Required work> Your task is to return all of the entries below exactly, leaving out each picture.

Data in this exercise>
··········

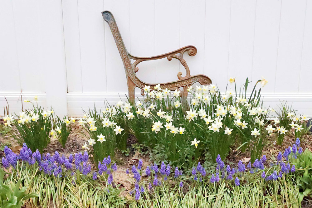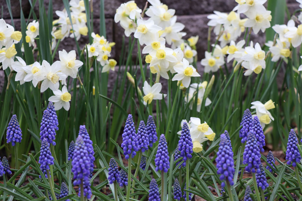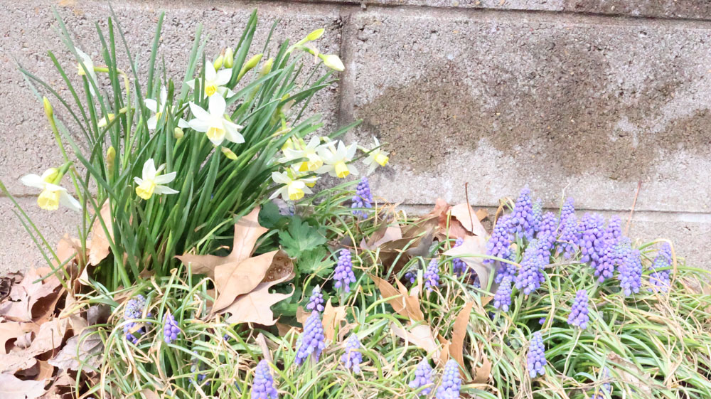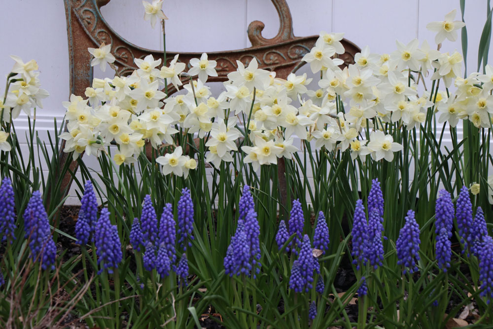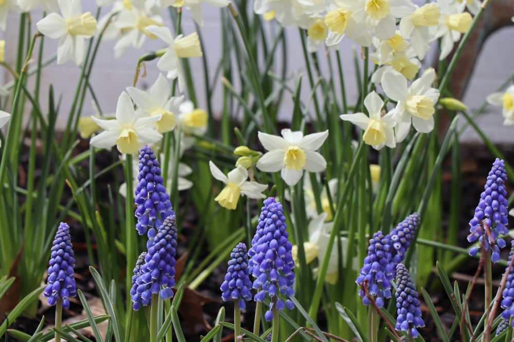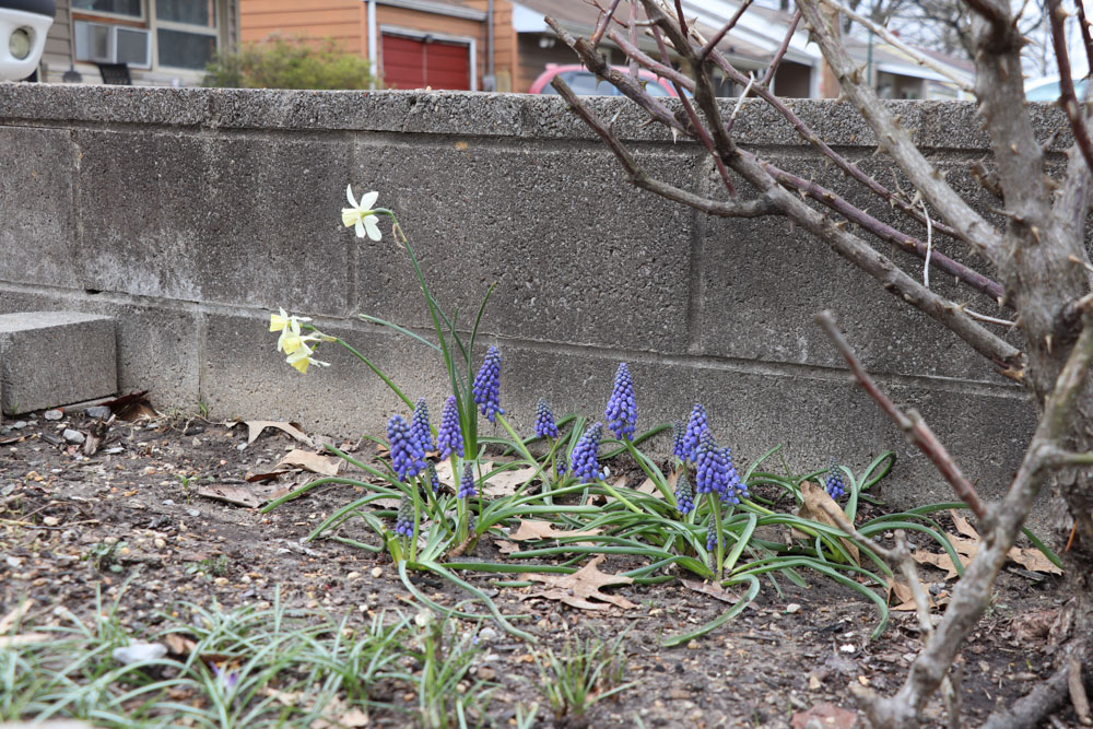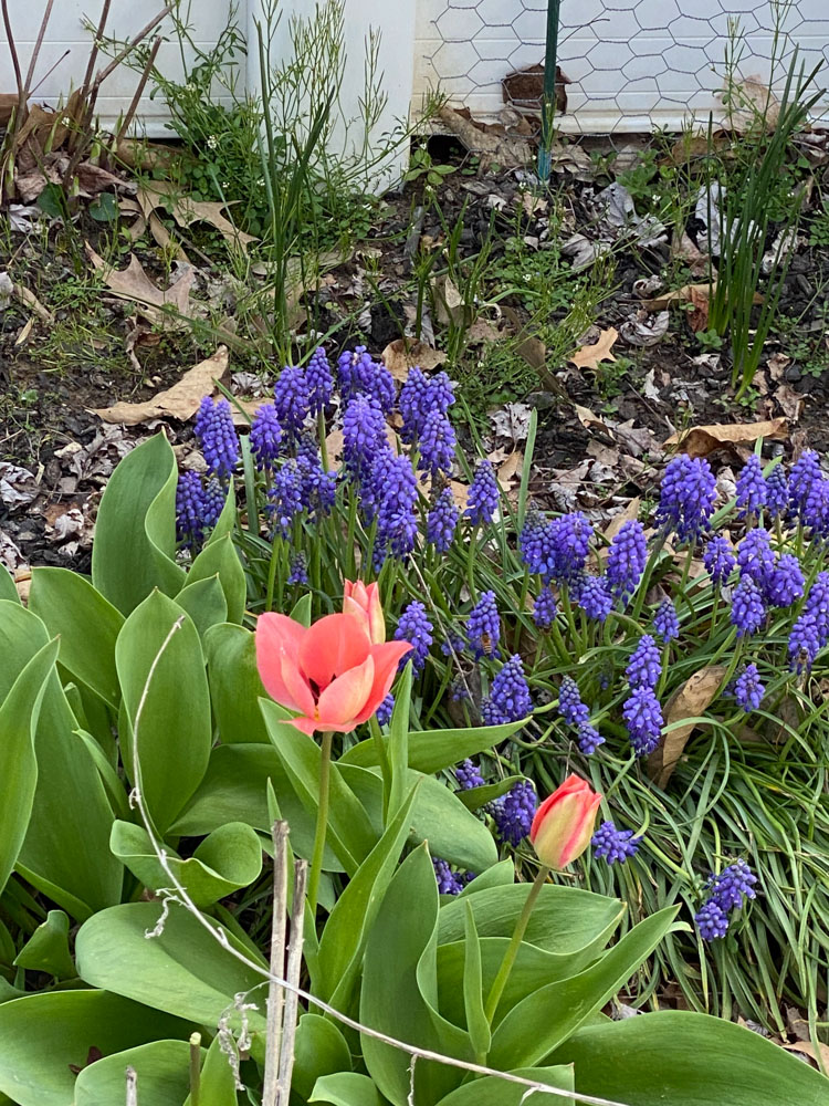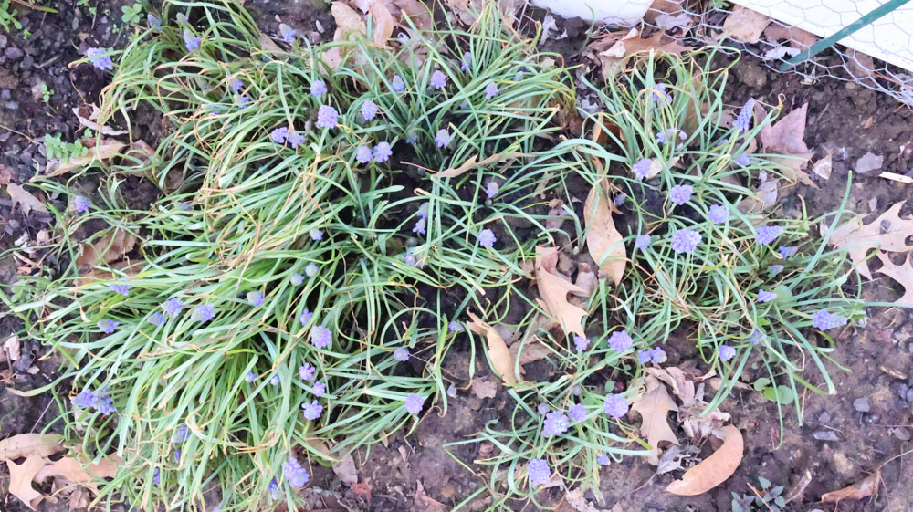 Unlike the true Hyacinths, Grape Hyacinths are smaller, have floppy (not firm) leaves, and have 4 to 8 flower stems (not just one). Each long, leafless flower stalk comes directly from the root, which is called a scape. Each scape has 20 to 40 individual little bell-shaped florets. The lower florets bloom first and as they wither, the upper ones open up. I love the vibrant purple of these flowers. They are certainly showy.
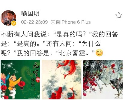 喻国明微博截图,疑似“南下闭霾”
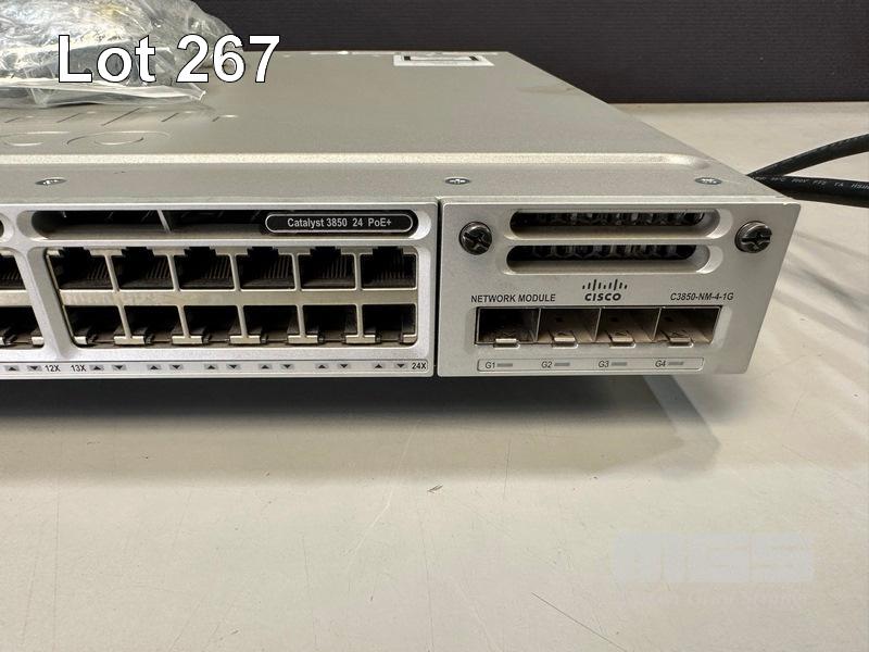 CISCO CATALYST 3850 24 PoE+ 24-PORT SWITCH, WS-C3850-24P-S V03 C3850-NM-4-1G NETWORK MODULE, 2 x PWR-C1-715WAC PSU (NO CABLES) S/N:FOC1821X0JL
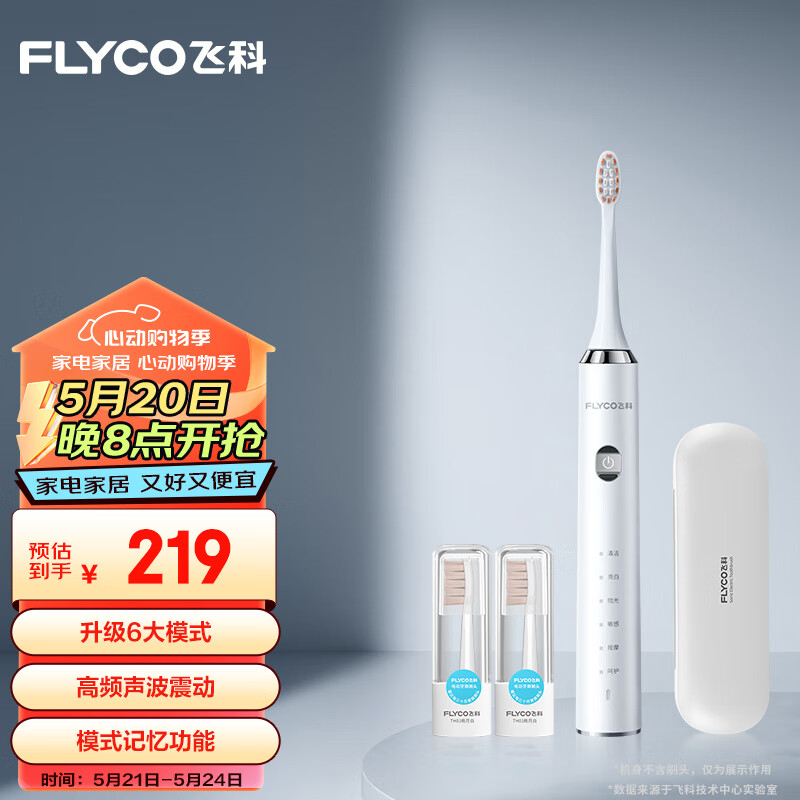 飞科(FLYCO)电动牙刷成人全自动声波软毛牙刷深层清洁智能计时情侣款送男友送女友520情人节礼物FT7205皓月白价格:329.00元!
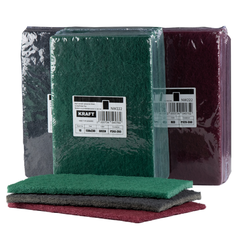 Волокно шлифовальное KRAFT NW222 – абразивный нетканый материал. Имеет открытую трехмерную структуру из нетканых нейлоновых волокон, пропитанных смолой, с напылением высококачественного абразивного материала. Позволяет значительно ускорить подготовительные работы (матирование поверхности).
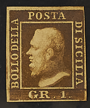 1859 - 1 gr. I tavola I stato bruno ruggine intenso - Estremamente raro - Cert. Sorani
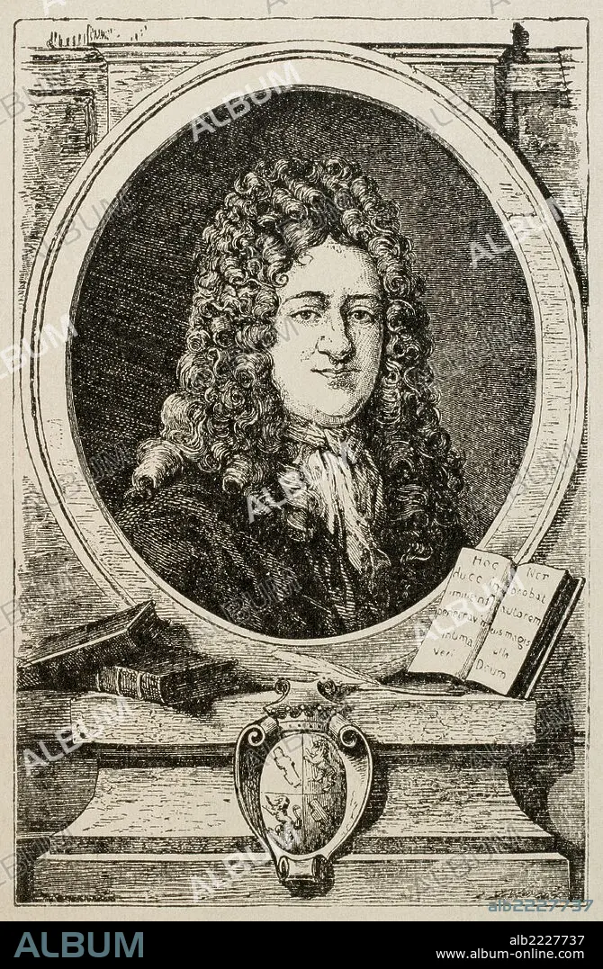 Gottfried Wilhelm Leibniz (1646-1716). German mathematician and philosopher. Engraving in The Universal History, M. Verges, 1917.

··········

Answer to the exercise>
 Unlike the true Hyacinths, Grape Hyacinths are smaller, have floppy (not firm) leaves, and have 4 to 8 flower stems (not just one). Each long, leafless flower stalk comes directly from the root, which is called a scape. Each scape has 20 to 40 individual little bell-shaped florets. The lower florets bloom first and as they wither, the upper ones open up. I love the vibrant purple of these flowers. They are certainly showy.
 喻国明微博截图,疑似“南下闭霾”
 CISCO CATALYST 3850 24 PoE+ 24-PORT SWITCH, WS-C3850-24P-S V03 C3850-NM-4-1G NETWORK MODULE, 2 x PWR-C1-715WAC PSU (NO CABLES) S/N:FOC1821X0JL
 飞科(FLYCO)电动牙刷成人全自动声波软毛牙刷深层清洁智能计时情侣款送男友送女友520情人节礼物FT7205皓月白价格:329.00元!
 Волокно шлифовальное KRAFT NW222 – абразивный нетканый материал. Имеет открытую трехмерную структуру из нетканых нейлоновых волокон, пропитанных смолой, с напылением высококачественного абразивного материала. Позволяет значительно ускорить подготовительные работы (матирование поверхности).
 1859 - 1 gr. I tavola I stato bruno ruggine intenso - Estremamente raro - Cert. Sorani
 Gottfried Wilhelm Leibniz (1646-1716). German mathematician and philosopher. Engraving in The Universal History, M. Verges, 1917.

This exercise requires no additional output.